(Beginning of Provided data)

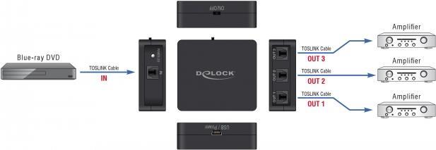 Mit diesem TOSLINK Switch von Delock können bis zu drei TOSLINK Geräte z. B. an einer Heimkino Anlage betrieben werden.
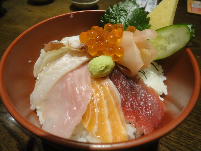 ランチメニューはその日は海鮮丼のみ、500円(税抜)。
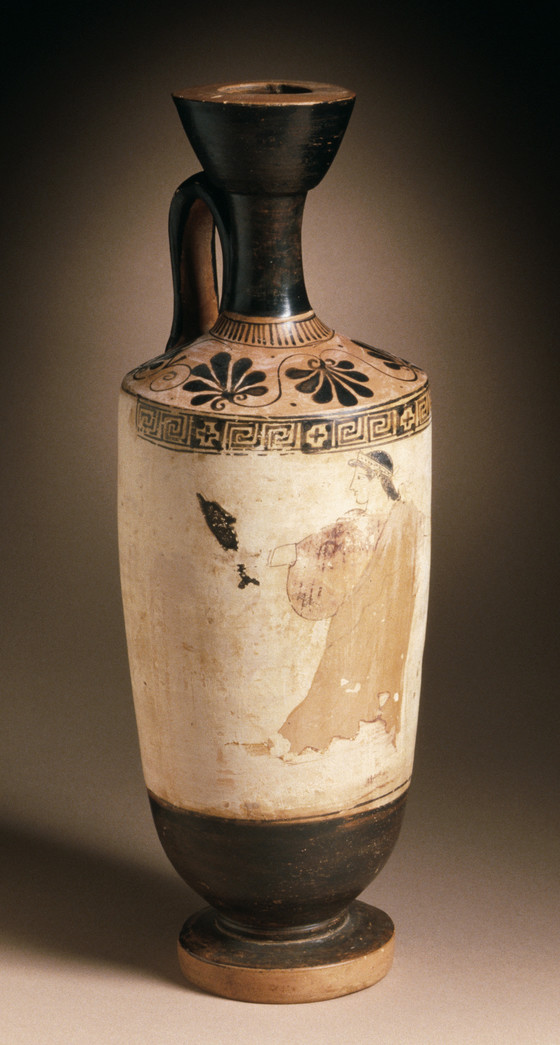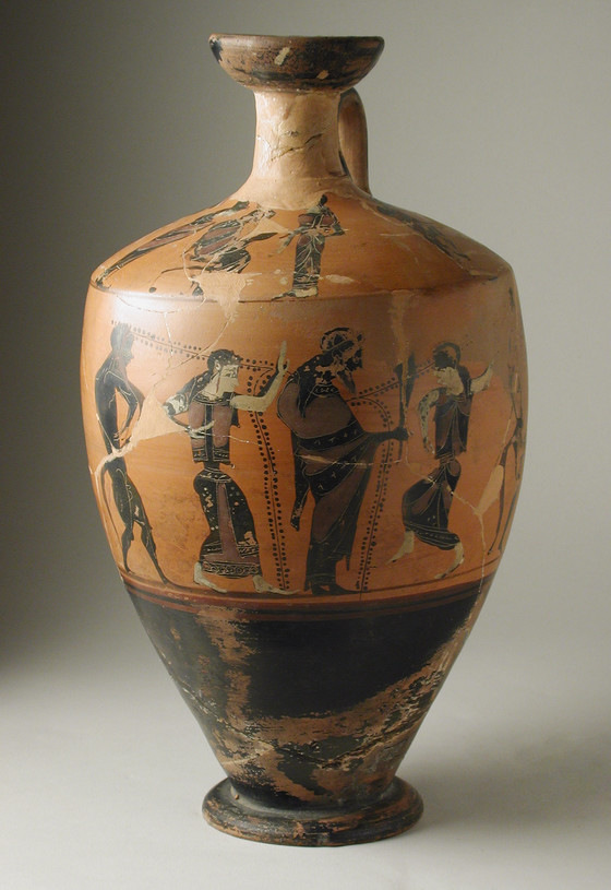 Attic Black-Figure Lekythos with (Body) Dionysos between Maenads and Satyrs and (Shoulder) a Seated Man between Women and Men

(End of Provided data)

● **What to produce**:
Recopy the whole listing above precisely, excluding images.

● **Written response**:
 Mit diesem TOSLINK Switch von Delock können bis zu drei TOSLINK Geräte z. B. an einer Heimkino Anlage betrieben werden.
 ランチメニューはその日は海鮮丼のみ、500円(税抜)。
 Attic Black-Figure Lekythos with (Body) Dionysos between Maenads and Satyrs and (Shoulder) a Seated Man between Women and Men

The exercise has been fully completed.